Gifting Leave to One in Need is a Good Deed Indeed [Economic Times of India]
In case you were one of those left with unused leaves in 2023, read on. Some companies are offering such employees a chance to gift their leaves to colleagues who are in need of time off and, in return, get incentives. According to the findings of a recent Deloitte survey shared exclusively with ET, the reasons for adopting such a policy include promoting a culture of camaraderie and collaboration.

EY offers 25% bonus for UK consulting staff to take time off [Financial News (subscription)]
EY is set to pay some of its UK consultants to four to 12 weeks away from the business, the latest sign of pressure on a strained market for advisory services.
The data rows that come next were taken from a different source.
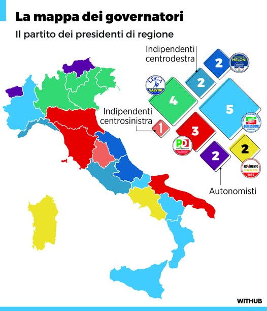Amministrative, i partiti di appartenenza dei presidenti di Regione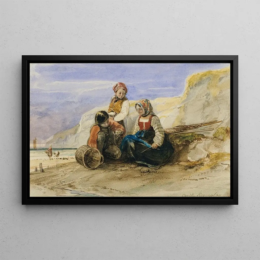 In Children of the Fisherman, Camille Joseph Étienne Roqueplan immerses us in a tender everyday scene. The children, joyful and carefree, are busy around a fisherman, their laughter ringing out like a gentle melody. The palette of bright colors, dominated by shades of blue and green, evokes the freshness of nature and the vitality of childhood. Roqueplan's technique, blending realism and impressionism, gives this canvas a dynamic and warm atmosphere, capturing the very essence of joie de vivre.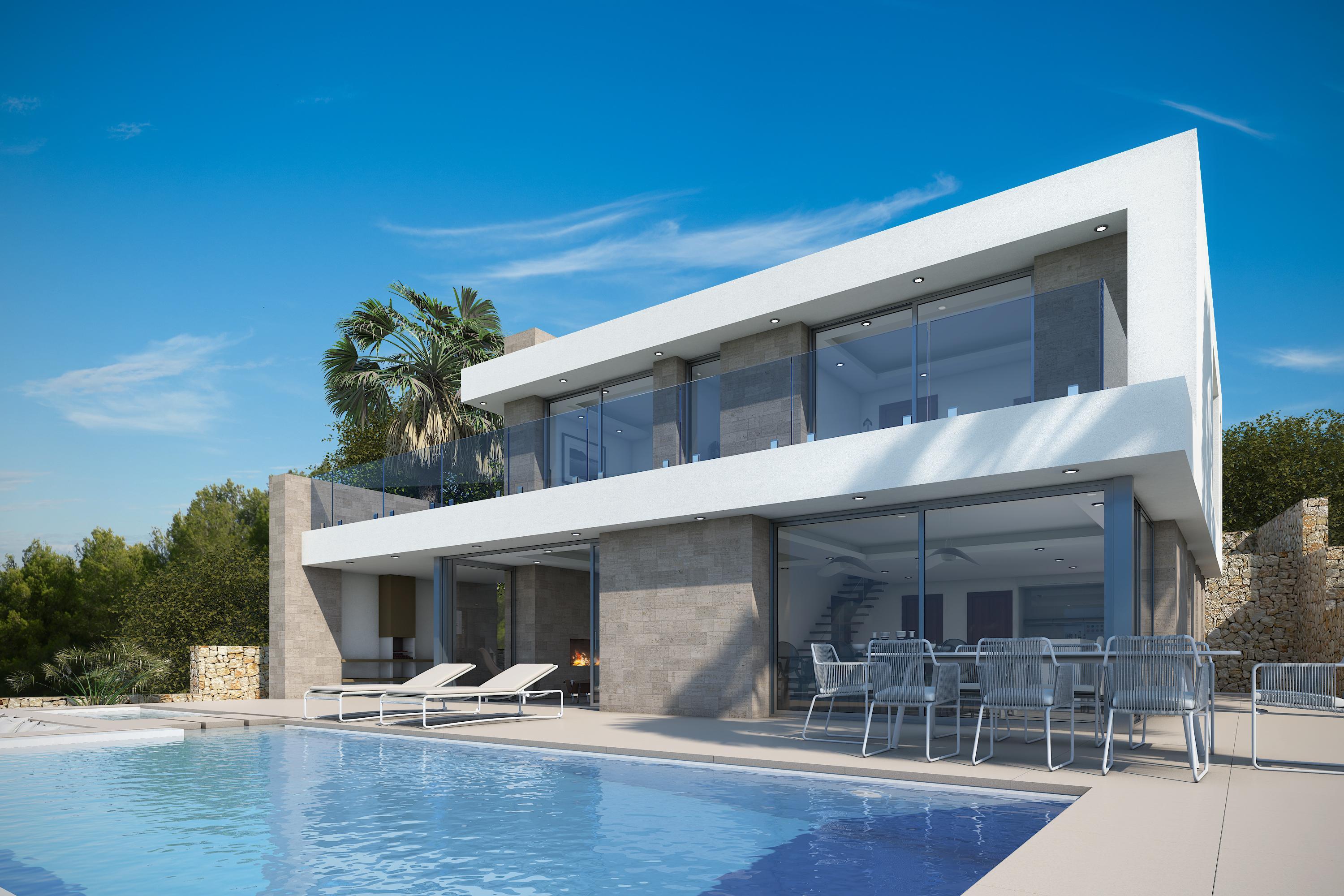 Modern and minimalist design for sale in Alcalali. This project is located on a South facing plot of 1,000 m2, with incredible views over the Jalon Valley. The Villa is on 2 floors with a total of 225 m2. The top floor is distributed in hall, three bedrooms, each with en suite bathroom and closet. The master bedroom in addition has a built-in dressing room. From two of these rooms there is access to a 30 m2 terrace finished with glass balustrade. Through an interior staircase there is access to the main floor, distributed in lounge with fireplace, dining room, open kitchen, pantry-storeroom, wc and a bedroom with wardrobe and en-suite bathroom. In total the house has 4 bedrooms, each with en-suite bathroom. This floor is accessed through a 60 m 2 terrace where there is also an infinitive  pool 8 x 4 with interior light and masonry work steps. Beside the pool, there is an area with work bench seats, to sit around a table as it appears on the project, ideal to relax. The price includes the excavation and elevation required to locate the house, to adapt it to the slope of the land. And a parking at street-level of concrete, the fence with stone wall of 60 cm at the boundary with the street and a door for car and pedestrian access. It also includes a staircase from the street level to the entrance of the house. The water and electricity connection are also included as is all the necessary documentation as licensing and project drawn up by an architect etc... The customer can modify plans, building materials and qualities. The plot has wonderful views over the Jalon Valley. Alcalalí is a pretty village in the heart of the Valley of Jalon, very typical, well connected and with all services such as health centre, pharmacy, school, restaurants etc.. It is only 20 minutes from beaches and coves in the coastal area of Calpe and Benissa. It is situated just 15 minutes from the AP7 motorway and more or less 1 hour from Alicante Airport.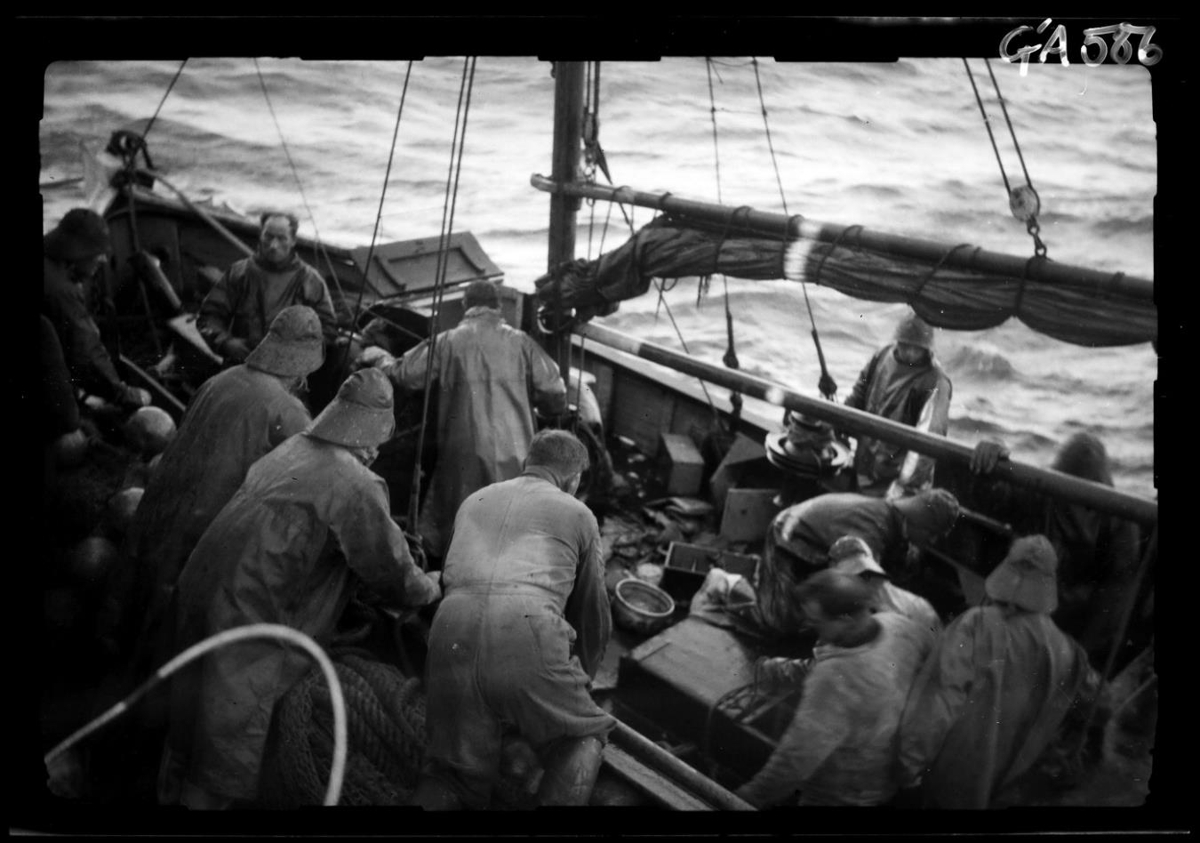 Sjóklæddir menn og einn á samfestingi standa við borðstokk skips. Við hlið þess er minna skip og nokkrir sjóklæddir menn um borð.
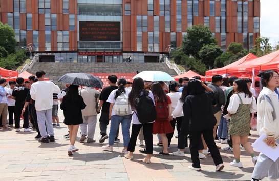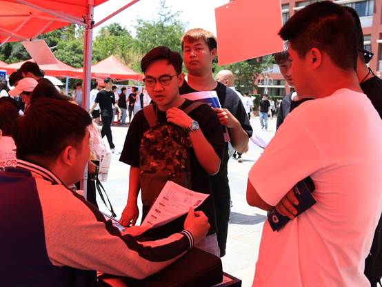 会后,33家企业分别在国土广场相应展位进行一对一面试工作,现场人头攒动,气氛热烈。同学们结合用人单位岗位需求、自身职业规划等,同企业招聘负责人进行面对面交流。张俊妍院长和王春莲书记分别到现场了解招聘情况,并鼓励学生积极投递简历,把握就业机会。

The Big Four firm has launched a “time out summer programme” for financial services consulting staff, according to an internal memo seen by Financial News.

News

EY Fails on Challenge to DOJ Recommendation It Drop Contract Bid [Bloomberg Law (subscription)]
Ernst & Young LLP jumped the gun when it filed a protest to a Justice Department recommendation that it drop its contract bid to provide professional and IT support services after its first phase submission was rated “low confidence,” the GAO said. “While the agency’s future actions in this matter may create a set of facts appropriate for our consideration,” EY’s current protest, “based on its assumptions regarding the agency’s future actions, is premature and will not be considered,” the GAO said in a decision released Tuesday. GAO decision here.

KPMG Wants Credit Suisse Suit Tossed After Cheating Case Dropped [Bloomberg Tax (subscription)] KPMG LLP should be removed from an investor suit accusing former Credit Suisse leaders of mismanagement now that criminal charges have been dismissed in a separate case involving the auditor, the firm argued in a court filing Tuesday. Federal prosecutors in December dismissed fraud charges against KPMG’s former national managing partner for audit quality and a former employee of the US audit board for their role in a scheme to cheat on the firm’s regulatory inspections. The lack of a crime undercuts Credit Suisse Group AG investor claims that the audit firm violated racketeering laws, KPMG told Judge Colleen McMahon.

Tech

How consultants are using AI for emails, PowerPoint and other odd jobs [Australian Financial Review]
Big professional services firms are racing to position themselves as leaders in generative artificial intelligence by rolling out custom-built virtual assistants to their employees that can craft emails and PowerPoint presentations, analyse corporate data and write code.